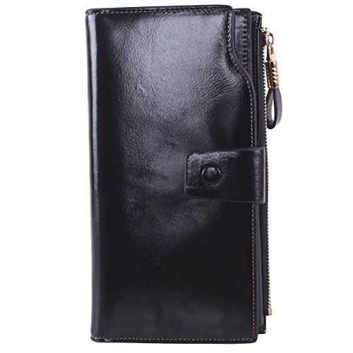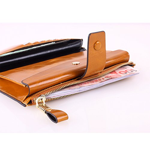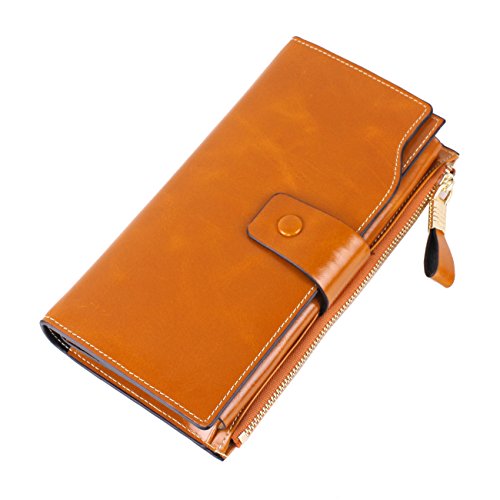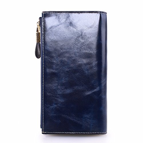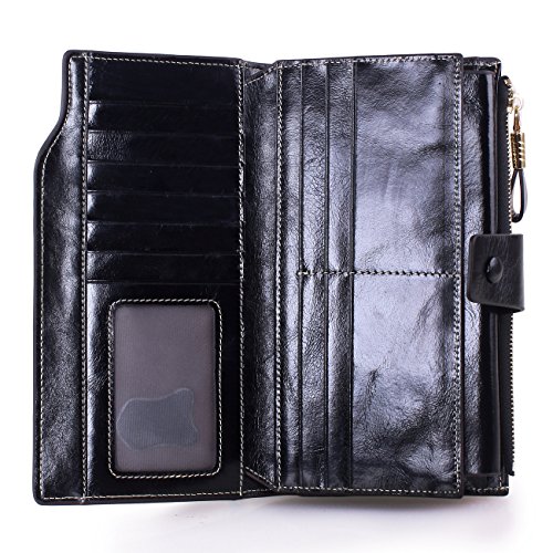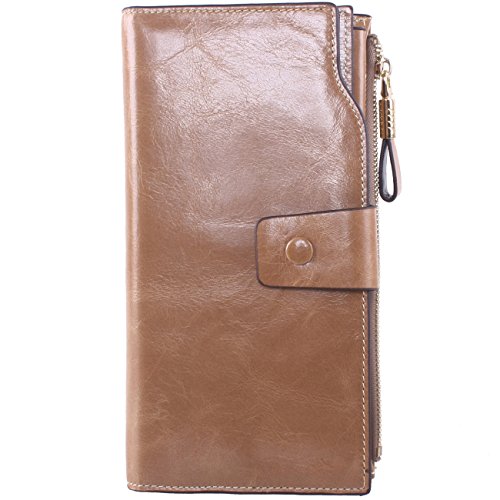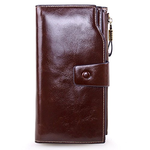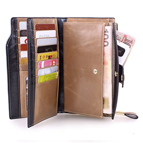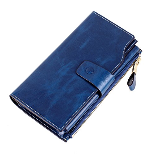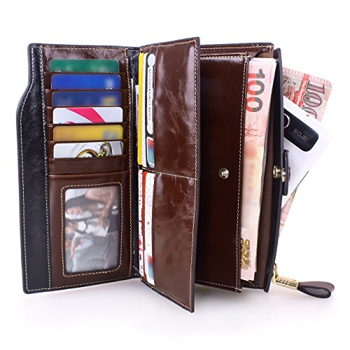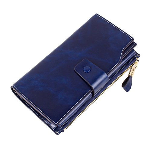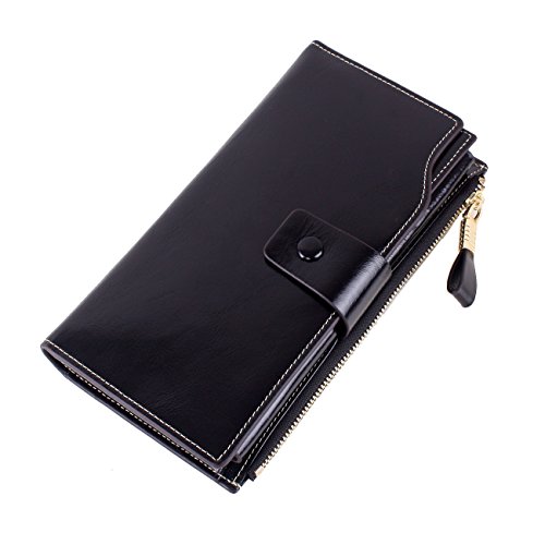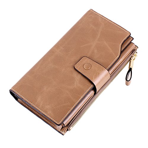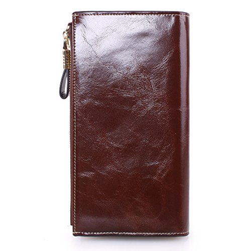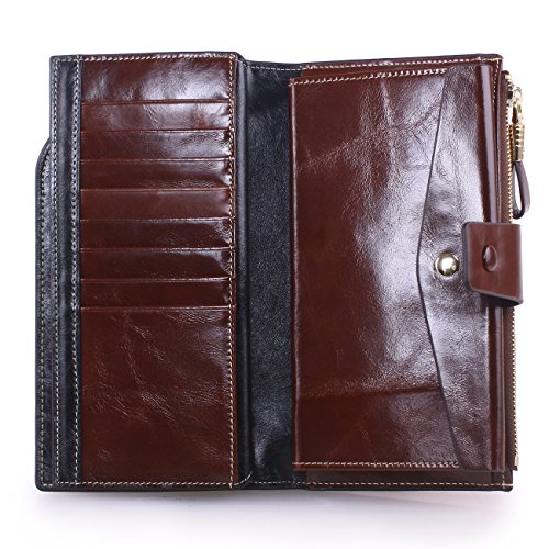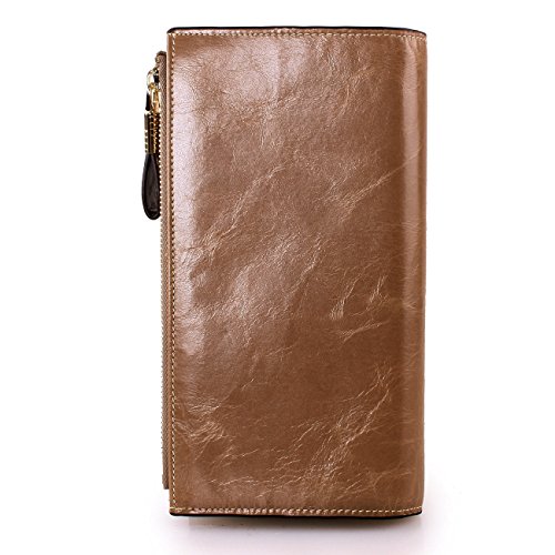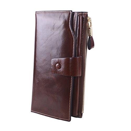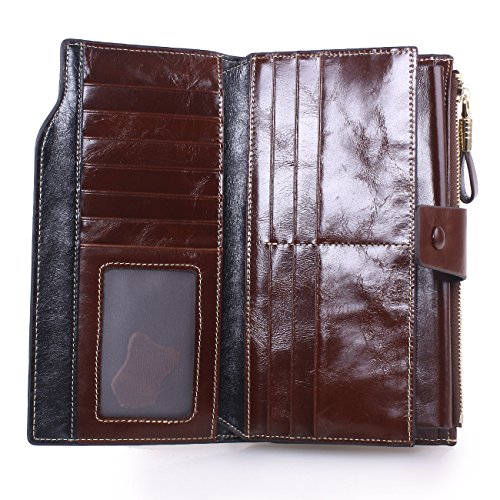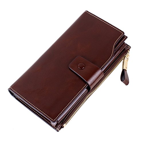 Material: Top grain oil wax cowhide(Genuine Leather) Size: 7.48 x 3.94 x 0.79 inches Weigh: 5.47 ounces Style: OL style Characteristic: Large capacity design. Delicate snap button and zip closure,easy to hold your your phone, cards, bills and money. About the oil waxy leather: Oil wax cowhide is made of top layer leather which is seems more shiny or glossy after the process of superficial by burnishing, oiling and waxing, just like add wax oil into leather. It is a fashion craftwork of leather with vintage artistic effect. This wallet is made of Oil wax cowhide, which has many irregular wrinkles, and clear texture. This is natural leather texture formation, also is the characteristics of Oil wax cowhide. The longer the better, the leather will be more luster; the more likely they were to have lasting appeal. How to maintain the leather bag: Keep your Oil wax cowhide product away from WATER, OIL STAINS; because Oil wax cowhide has strong Water absorption and oil adsorption. If the surface of Oil wax cowhide product has light scratching, just used soft cloth clean it repeatedly. If the surface of Oil wax cowhide product has Stains, just used colorless wax oil daub and clean it. The real color of the bag may be slightly different between the photo and the actual item shown on website caused by many factors such as brightness of your monitor and light brightness. It is totally normal for any mistake owing to munual measurement.Cowhide material has natural leather smell,but it will be disappear after you use in a few days. 0
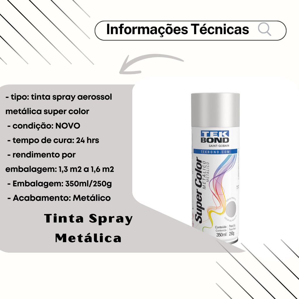 Tinta Spray Aerossol Tekbond Prata Metálico 350ml 250g
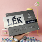 Mặt bảng được làm từ inox xước bạc kết hợp mica cán ghi sần. Phần chữ “LẾK” là mica nổi 10mm đen sang trọng, các chi tiết còn lại sử dụng kỹ thuật cắt âm bản có đèn LED hắt sáng.
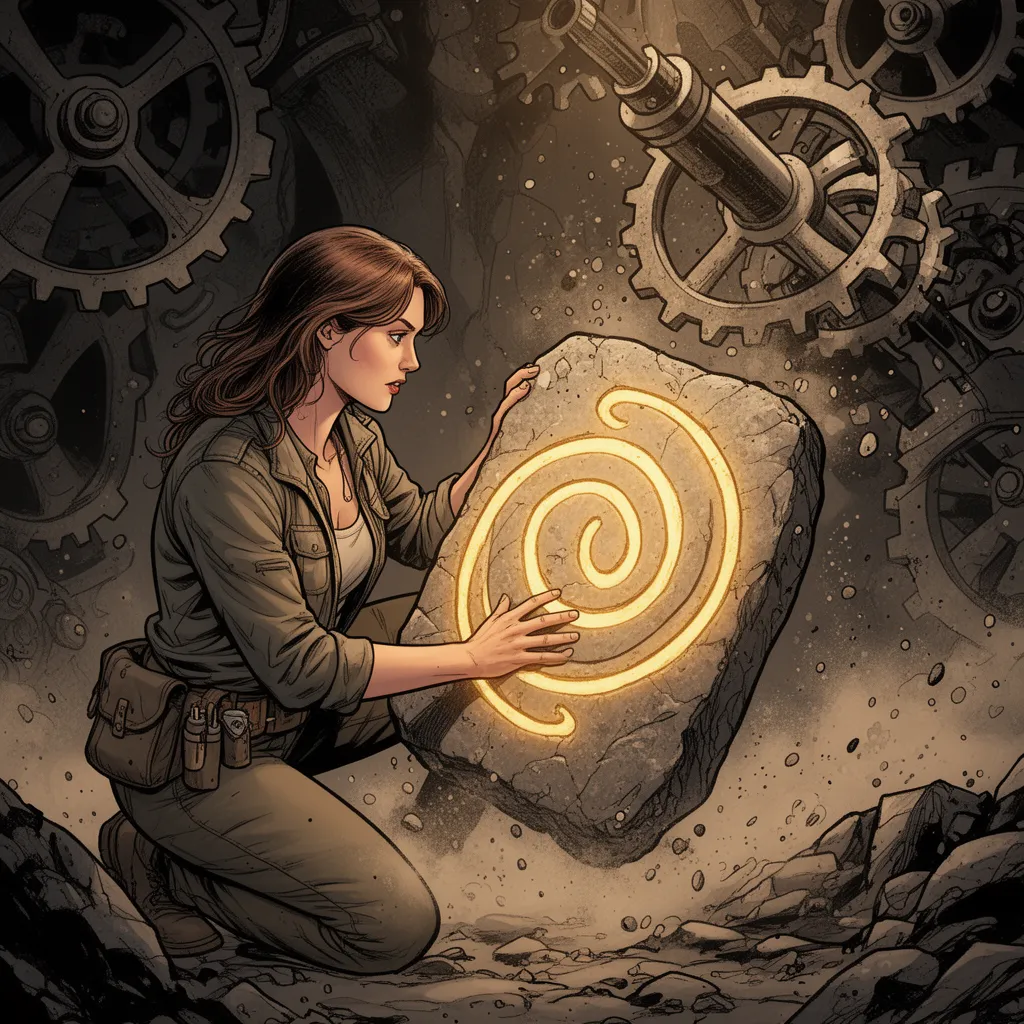 Vor ihr befand sich kein gewöhnliches Schloss, sondern ein steinernes Rätsel. In die massive Türschräge war eine tiefe Vertiefung in Form eines rechtwinkligen Dreiecks gemeißelt. Zwei Seiten des Dreiecks waren bereits mit massiven Bronzeleisten ausgefüllt. Die dritte, längste Seite war leer. Daneben lagen mehrere schwere Bronzestäbe in unterschiedlichen Längen. Elena wusste: Setzte sie den falschen Stab ein, würde ein uralter Mechanismus die Höhle zum Einsturz bringen.
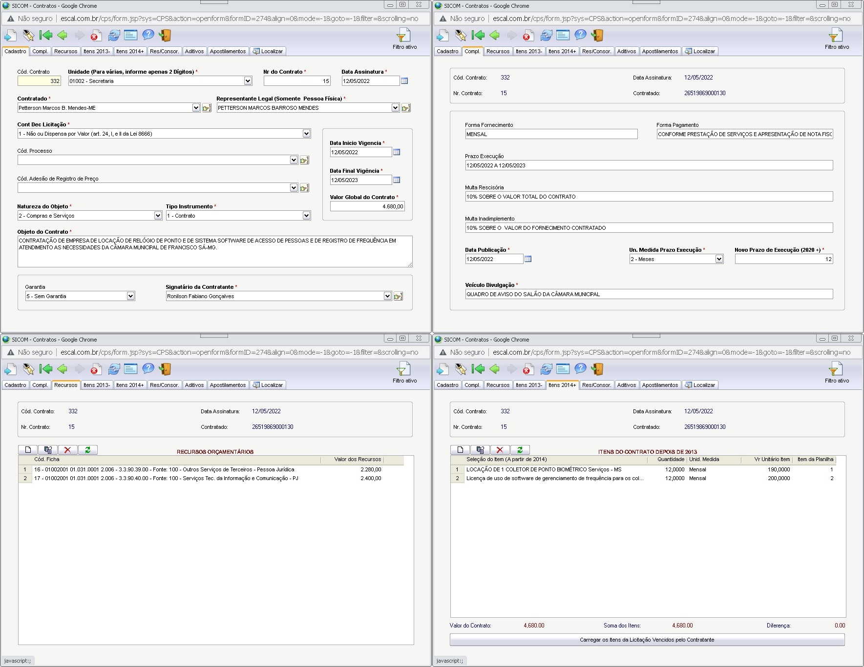Extrato CTR N.º 015/2022 (PL 014/2022 Disp. 013/2022 - Locação do Relógio de Ponto e Software)
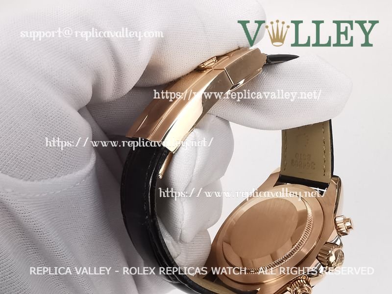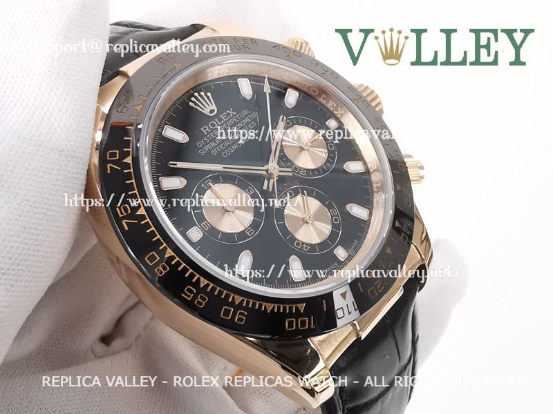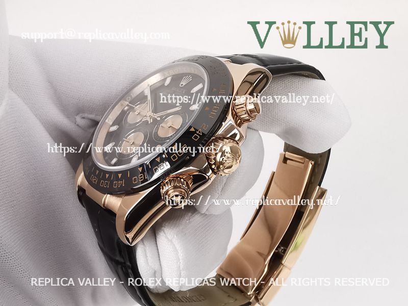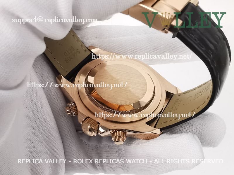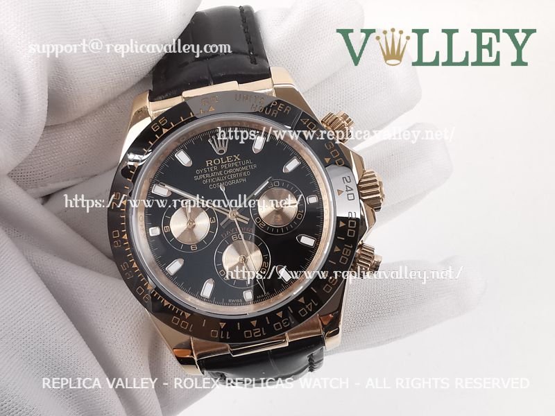 D651 Rolex Daytona 116515 Rose Gold Leather Black Dial
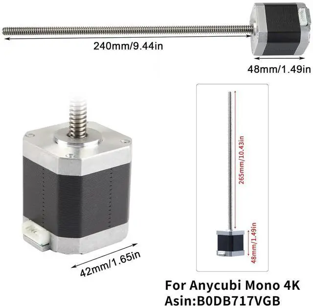 Note: Threaded rod is about 240mm/ 9.44 in, please Re-Measure your original motor' s lead screw before ordering to avoid wrong buy. According to our customer' s need, we have another new LONGER screw stepper motor as a replacement for Anycubi Photn Mono4K for a full print, please search
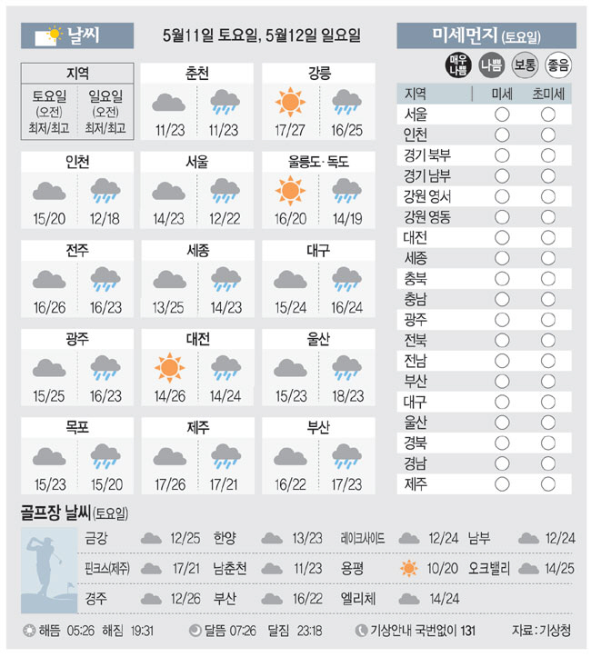 [날씨이야기] 5월11일 토요일, 5월12일 일요일
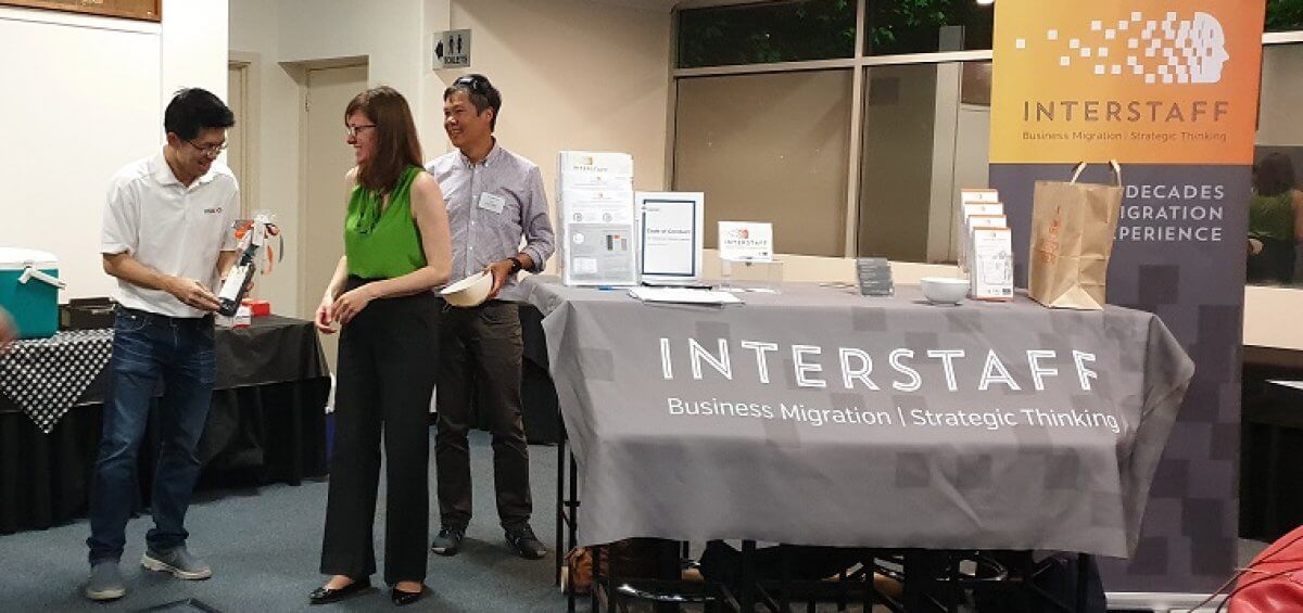 Above: Sheila presenting a lucky winner with the WA Singapore Business Connect Door Prize. Sheila also gave a presentation on Australia’s recent migration changes. In particular, Sheila addressed the way in which new regulations are making it more complex for new migrants seeking to live and work in Australia.

******

● **Task**: Give the lines above again exactly, from the one containing "Extrato CTR N.º" to the one containing "[날씨이야기] 5월11일 토요일, 5월12일 일요일", both included, but leave out the pictures.

● **Result**:
Extrato CTR N.º 015/2022 (PL 014/2022 Disp. 013/2022 - Locação do Relógio de Ponto e Software)
 D651 Rolex Daytona 116515 Rose Gold Leather Black Dial
 Note: Threaded rod is about 240mm/ 9.44 in, please Re-Measure your original motor' s lead screw before ordering to avoid wrong buy. According to our customer' s need, we have another new LONGER screw stepper motor as a replacement for Anycubi Photn Mono4K for a full print, please search
 [날씨이야기] 5월11일 토요일, 5월12일 일요일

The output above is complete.